A fourth reason why this society should exist is, that it may help to bring about the principle of central governmental supervision of the insane, in or out of the asylums, through all the States of this Republic. More and more, each year, matters of minor import are becoming the objects of systematic official supervision; our banks, our insurance organizations, our churches and schools, our institutions of charity, are subordinate to some central authority, or authorities; only the insane, and they who care for them, are left wholly to themselves, in some States. Central governmental supervision, when carried out in this country, as for more than thirty years it has been carried out in Great Britain, will give assurance to the friends of sufferers, and to the people, that the insane in asylums, public and private, and at their homes, are treated wisely and kindly.
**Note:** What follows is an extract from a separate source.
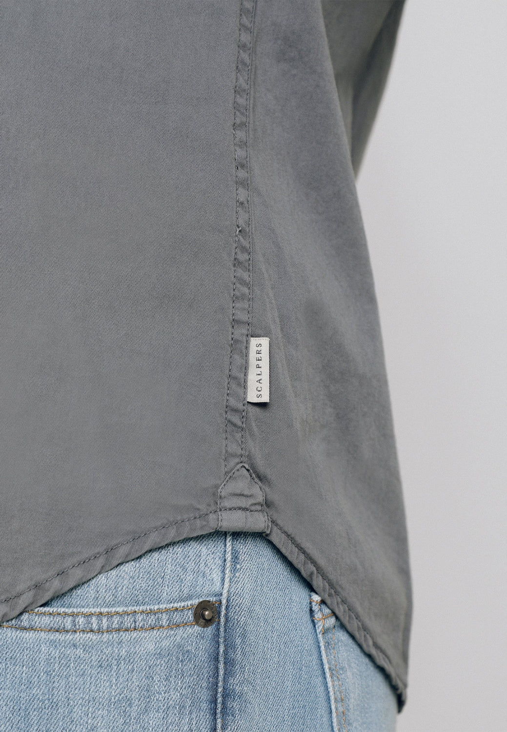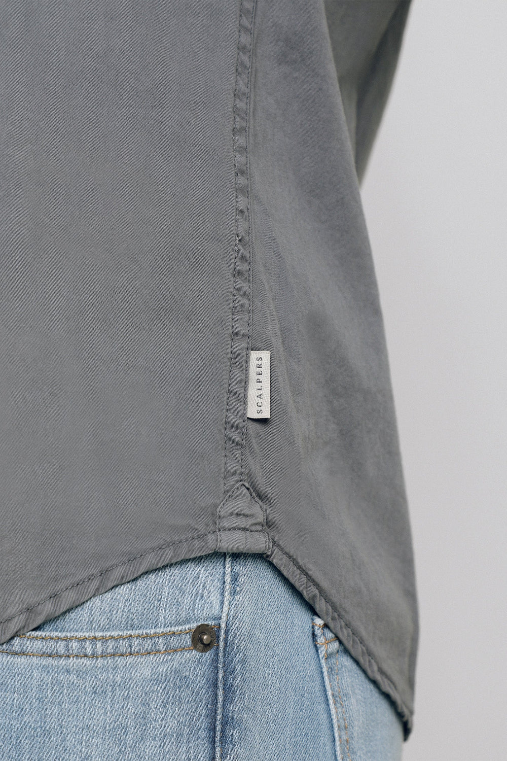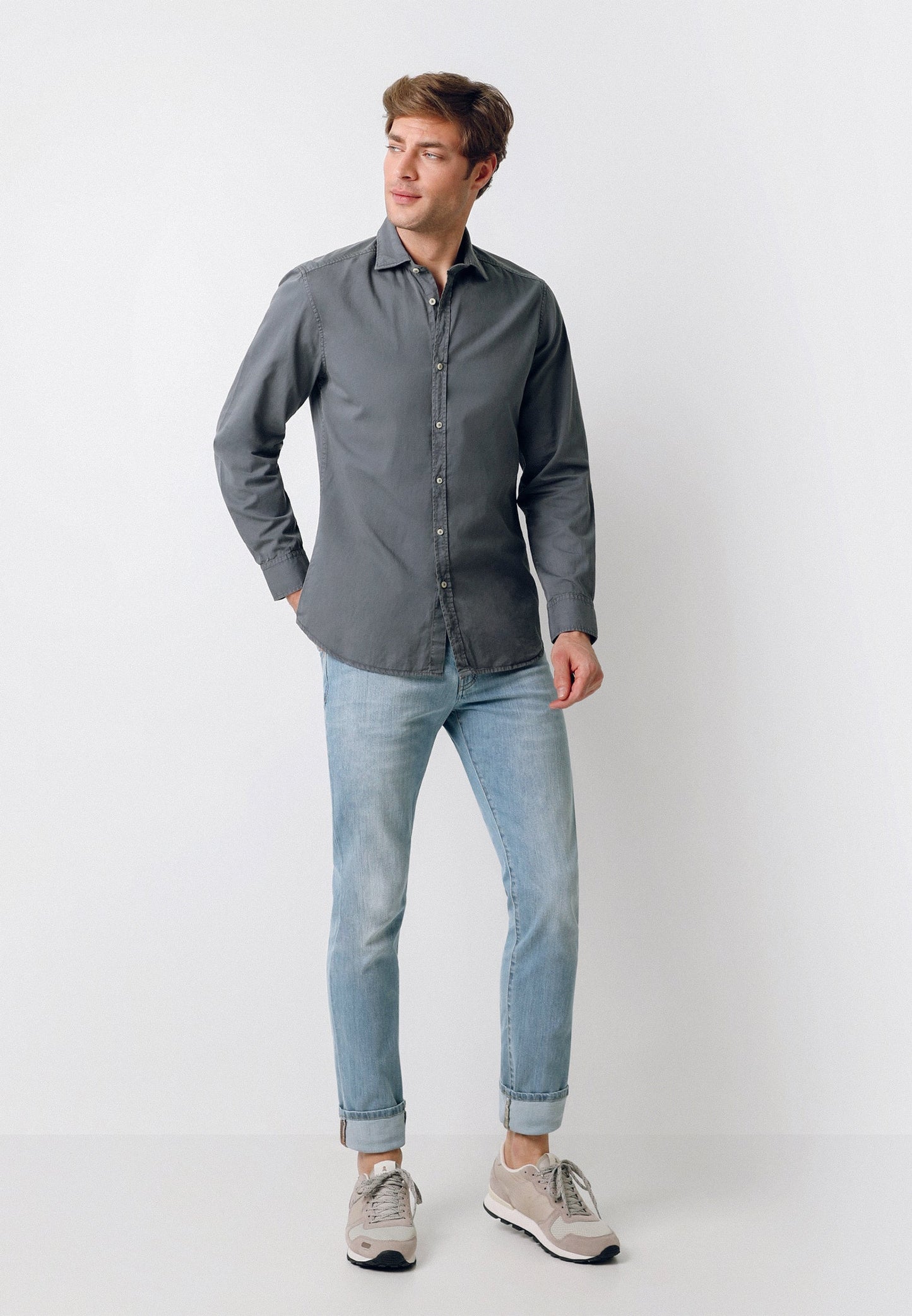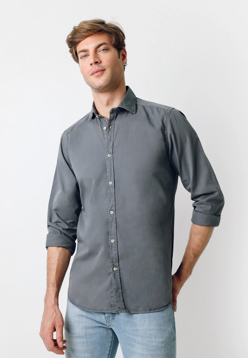Camisa confeccionada en tejido 100% algodón. Corte Regular Fit, cuello italiano y cierre con botones. Manga larga terminada en puño simple y detalle de etiqueta lateral.
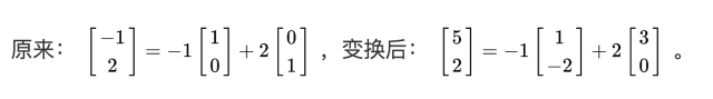 这其中的区别就是基向量不一样了,而线性组合的系数 -1 与 2 保持固定不变。

Central supervision will prevent outrageous cruelty, and the incarceration and imprisonment of the sane; central supervision will aid those who seek homes for unfortunates in finding precisely the institutions that they need; central supervision will help, among other forces, to elevate the standard of scientific study on all the great questions relating to insanity theoretical and practical; finally, central supervision will protect the officers and managers of asylums themselves, who now stand right in range of artillery which is directed upon them from every quarter,

and against the assaults of which they themselves are powerless. If asylums were perfect, they could not prove themselves such to the satisfaction either of the people or of the medical profession; if your friend is confined in any institution, and is treated judiciously and treated scientifically, you have no way of knowing that fact. In this most delicate of all questions we must walk by faith.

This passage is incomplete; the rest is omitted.